Based on a synthesis of data on global oceanic magmatism, Cornelia Class and Steven L. Goldstein show that the evidence actually favors whole-mantle convection, with the deepest parts of the Earth affected by the tectonic processes that occur at the surface. Their study will appear in the August 25 issue of the journal Nature.
"For thirty years scientists have been debating whether there is a layer in the mantle that has remained unchanged since the formation of the Earth," said Class, a Doherty Associate Research Scientist. "The new on-line databases made it possible for the first time to reevaluate the geochemical arguments based on a complete synthesis of global data on oceanic basalts. We found that the strongest evidence previously put forth in favor of a layered mantle actually indicates the opposite is true."
The question of whether the Earth's interior operates on a "layered" or "whole-mantle" model is central to scientists' understanding of how the Earth loses its internal heat. The main process of heat loss occurs through melting of the mantle to form magma. If the layered model is correct, then a large portion of the deep earth never melts and never reaches the surface. Evaluations of seismic waves generated by earthquakes indicate that continental and oceanic plates sink all the way to the core-mantle boundary, an observation that supports whole-mantle convection. However, evidence from trace amounts of helium in lavas have been interpreted as requiring that the mantle is composed of layers that are isolated from each other.

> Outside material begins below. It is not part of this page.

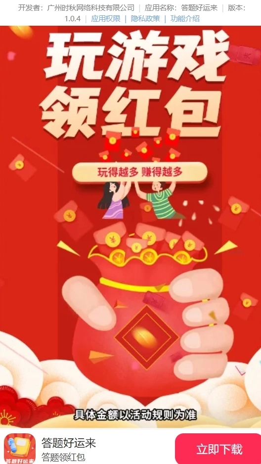 答题好运来赚钱版是广州时秋网络科技有限公司精心打造的精品之作,它设置了趣味答题的全新玩法模式,福利好运满满,惊喜接连不断。每一次答题通关都有随机红包,让你成就感十足,答题赚钱的全新旅程就从这里开启吧!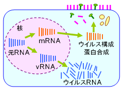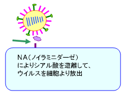 インフルエンザ治療薬として使用されている「タミフル」は、このNAの働きを阻害して新しい

When magma is erupted by volcanoes, helium and other gasses from the mantle are expelled to the atmosphere. Unlike other gases, the helium is so light that it is lost forever to space. As a result, the Earth's inventory of 3He, the light isotope of helium, is considered "primordial," dating from the time of the formation of the planet. Indications of a high proportion of primordial helium in ocean island lavas, like those found in Hawaii, have been taken as evidence for a layer in the deep mantle that has never been melted and, hence, never degassed.
"This result adds to growing evidence that most of Earth's mantle has been subject to the same forces that drive the movements of Earth's crust," said Sonia Esperanca, a Program Director in the National Science Foundation's Division of Earth Sciences, which funded the research.
Class and Goldstein's re-evaluation of this concept of the inner Earth was based on their work with two new databases that for the first time compile all of the published data on the geochemistry of oceanic volcanism around the world: the Petrological Database of Ocean Floor Basalts (PetDB, based at Lamont) and Geochemistry of Rocks from the Oceans and Continents (GEOROC).
It has long been known that the upper mantle sources of basalt found at mid-ocean ridges, formed by sea floor spreading, have been previously melted to form oceanic and continental crust. The new global data synthesis demonstrates that the ocean island lavas that are chemically most like mid-ocean ridge basalt also contain the highest primordial helium signal. As a result, this helium signal actually indicates previous processing by plate tectonics, rather than a primordial mantle source. Class and Goldstein conclude that helium must be degassed inefficiently to the atmosphere through volcanic processes and enough remains in the mantle during melting to give the false impression that the deep mantle is primordial.
"Our results mean we can dispense once and for all with the argument that the helium data require a primordial layer in the mantle, whose existence has been difficult to reconcile with the rest of what we know about how the Earth works," said Goldstein, a professor of Earth and Environmental Sciences at Columbia University and member of the Lamont-Doherty senior staff. "The implications of our work will be hotly debated, but I expect these new observations to change the way we view deep-Earth dynamics."
The study was funded by the National Science Foundation.